The Lady is speaking. More accurately, she is telling the two younglings of the Truth, the mere folktale, except now the Lord is known as The Father (perhaps a better accompaniment to 'Mother'), the Sun is less lazy and the Spirit of the Winds are forgotten.

Quite abruptly, the lilting stops. The Lady has appeared to have finished her story. The boy, who appears the younger of the two from the way he is tucked into his mother's side, casts his gaze unto the grass and does not give any hint that he has liked or understood the story, except for the gnawing of his bottom lip.
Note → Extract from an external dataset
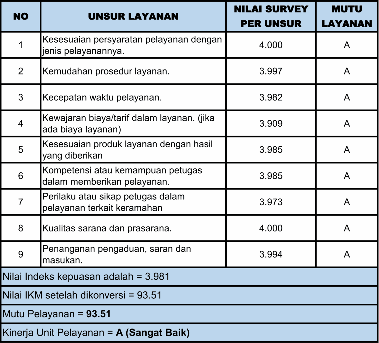 Berdasarkan hasil analisis, FILKOM memperoleh nilai 93,51 dengan kategori sangat baik. Seluruh unsur layanan mendapatkan penilaian dengan kategori sangat baik. Unsur layanan dengan nilai tertinggi adalah kesesuain persyaratan pelayanan dengan jenis pelayanannya dan kualitas sarana dan prasarana layanan, sedangkan unsur yang perlu menjadi perhatian untuk peningkatan ke depan adalah kecepatan waktu layanan.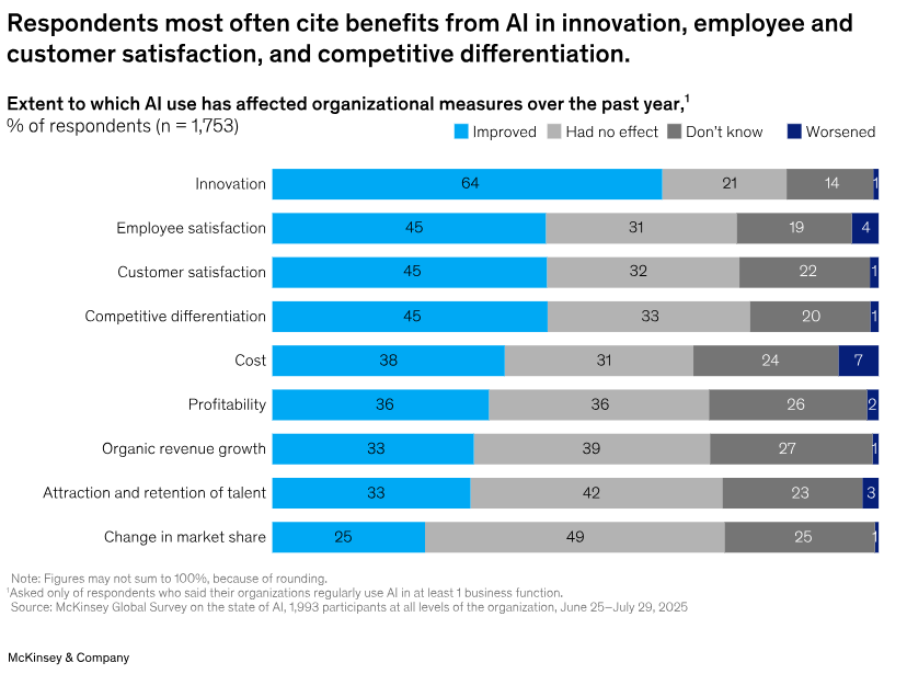Mesmo assim, o uso se diversificou. A maior parte das empresas já aplica IA em mais de uma função, e metade usa em três ou mais áreas. TI, marketing e vendas continuam entre as mais comuns, com destaque para engenharia de software, manufatura e infraestrutura de TI quando o assunto é redução de custo.

The girl on the other hand, stands up and brushes her red silk-cladded knees. A spark, one that seemed to have been lost in the somber mood of the tale, is regained in her eyes and they twinkle with a sense of precociousness and easy guile.

Yet, she too does not say anything. Instead, she walks six paces from her companions in quick, measured steps until she stops, her back facing them, ram-rod straight, almost parallel to the thick bark of the tree.

There is another moment of almost complete stillness as the girl breathes in deeply. The little square courtyard breathes with her.

Then with jolting swiftness, the girl snaps into movement, a series of hard lines and stern angles with torrents of fire, so orange, almost red bursting from her clenched fists.

Her companions sit unmoving, forgotten under the dark shade of the large tree, watching intently. There is a certain subtle pride in gentle eyes of the lady and the corners of her thin lips lift.

The moment is almost suddenly broken as she feels a shift in the warmth at her side. The boy's shoulders are hunched, curling into himself and the lady notices that he is trying to move away from her quietly. With an inaudible sigh, she smoothens the boy's sleeve, the warmth of her palm a slight comfort through the thick red robes.

The boy startles and looks up with wide eyes. Then, even though the touch of his mother is faint, he smiles a small faltering smile.

But the smile drops much quicker than it took to rise, like a blade of grass that tries to stand but gets trampled so often it eventually dies. The look of pensive melancholy is out of place yet comfortable on his features.

The boy's mouth opens a mere breath and somehow a passing breeze manages to catch the cracks of his whisper.

"Mothers won't actually do that though right? Leave their loved ones just to save the day? Right, Mother?"

The girl continues her sequence with unwaning sharpness. Her only reaction to having heard the boy's question is the almost involuntary rolling of her eyes. She is too far to hear the lady's response – a reassurance most probably, it should not matter. The girl cannot help but feel that the boy has missed the point of the story once again.


End file.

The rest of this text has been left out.